The 1997 Royal Rumble was the 10th annual Royal Rumble professional wrestling pay-per-view (PPV) event produced by the World Wrestling Federation (WWF, now WWE). It took place on January 19, 1997, from the Alamodome in San Antonio, Texas. As has been customary since 1993, the Royal Rumble match winner received a world championship match at that year's WrestleMania. For the 1997 event, the winner received a match for the WWF Championship at WrestleMania 13.
The main event saw Shawn Michaels defeat Sycho Sid to win the WWF Championship. The main match on the undercard was the 1997 Royal Rumble match, which Stone Cold Steve Austin won after last eliminating Bret Hart. Additionally, Vader defeated The Undertaker, and Hunter Hearst Helmsley defeated Goldust to retain the WWF Intercontinental Championship.

The attendance of 60,477 is the highest recorded live crowd in the Royal Rumble's history with the 2017 edition of the event held at the same venue being the second largest. In addition to hometown hero Shawn Michaels going for the WWF championship, the WWF was working with the Mexico based Lucha Libre AAA World Wide (AAA) promotion, and had several wrestlers from that company participate in the Royal Rumble match, as well as in a number of undercard matches.

Production

Background
The Royal Rumble is an annual gimmick pay-per-view (PPV), produced every January by the World Wrestling Federation (WWF, now WWE) since 1988. It is one of the promotion's original four pay-per-views, along with WrestleMania, SummerSlam, and Survivor Series, which were dubbed the "Big Four", and was considered one of the "Big Five" PPVs, along with King of the Ring. It is named after the Royal Rumble match, a modified battle royal in which the participants enter at timed intervals instead of all beginning in the ring at the same time. The match generally features 30 wrestlers and the winner traditionally earns a world championship match at that year's WrestleMania. For 1997, the winner earned a match for the WWF Championship at WrestleMania 13. The 1997 event was the 10th event in the Royal Rumble chronology and was scheduled to be held on January 19, 1997, from the Alamodome in San Antonio, Texas.

Storylines 
The card consisted of six matches. The matches resulted from scripted storylines, where wrestlers portrayed heroes, villains, or less distinguishable characters to build tension and culminated in a wrestling match or series of matches. Results were predetermined by WWF's writers, with storylines produced on their weekly television show, Raw.

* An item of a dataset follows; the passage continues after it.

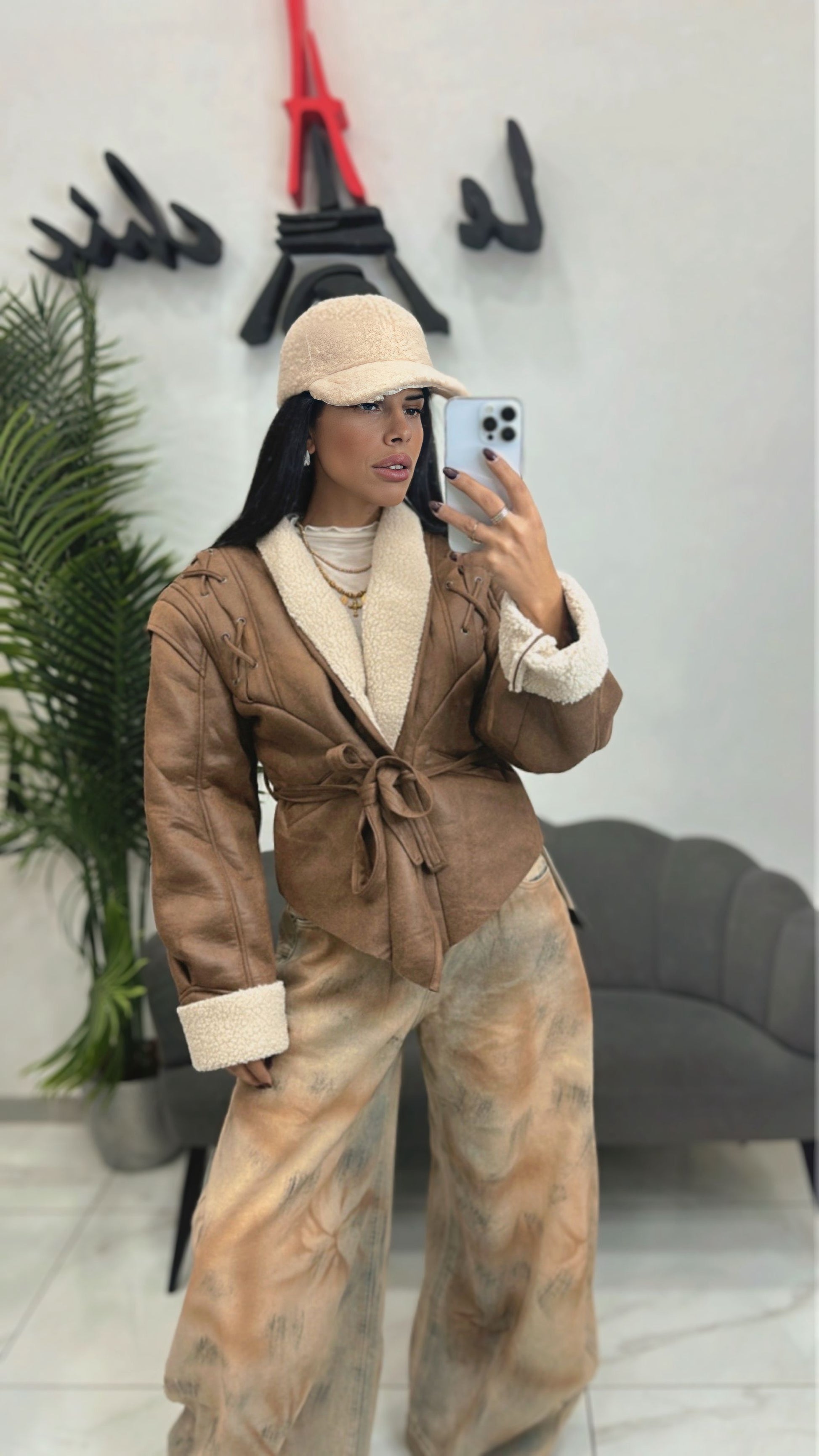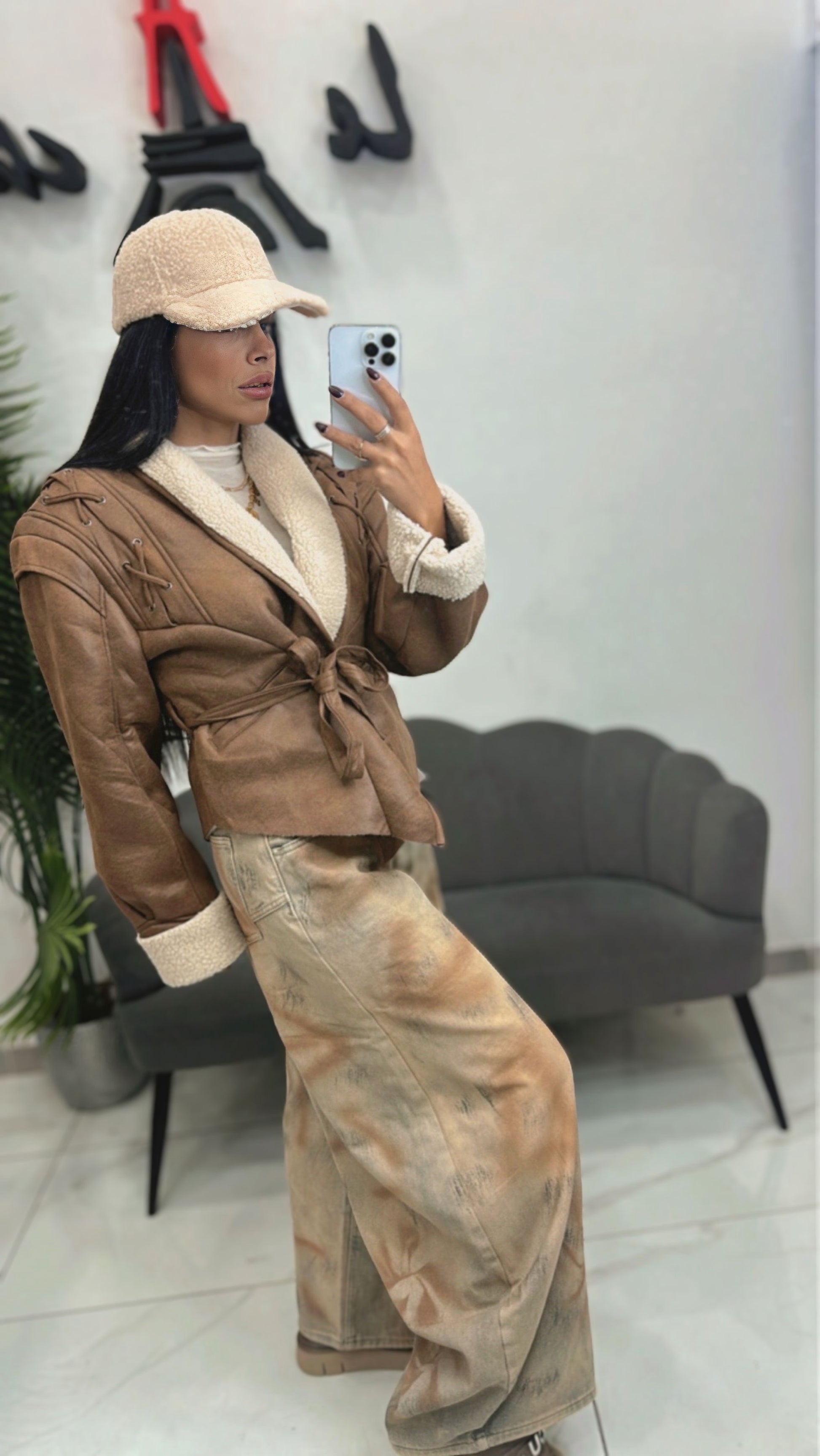 Montone effetto vintage con cinturino.

The feud between Goldust and Hunter Hearst Helmsley centered around Goldust's manager, Marlena. During the free broadcast prior to In Your House 12, Helmsley attempted to seduce Marlena. Goldust responded by attacking Helmsley during matches in the following weeks. The feud escalated on the December 30, 1996 episode of Monday Night Raw during a match between Goldust and Jerry Lawler. Helmsley came to the ring and tried to carry Marlena away. Marc Mero, who had dropped the WWF Intercontinental Championship to Helmsley, blocked Helmsley's path, but the distraction was enough to cause Goldust to be counted out.

On July 22, 1996, Faarooq Asad made his WWF debut by attacking Ahmed Johnson, the Intercontinental champion. He claimed that he attacked Johnson because Johnson was not "from the streets", as Faarooq claimed to be. Soon after the attack, Johnson was diagnosed with a legitimate kidney problem, so the WWF claimed that Faarooq's attack had hospitalized Johnson. Johnson was unable to compete for several months and was forced to vacate the Intercontinental Championship. When Johnson returned to the WWF, he interfered in several matches involving Faarooq's stable, the Nation of Domination. He attacked them with a two-by-four, which led to an angle in which Johnson was suspended for the attacks. By December, Johnson's injury had recovered sufficiently to allow him to resume wrestling, and a match was scheduled for the next pay-per-view, the Royal Rumble.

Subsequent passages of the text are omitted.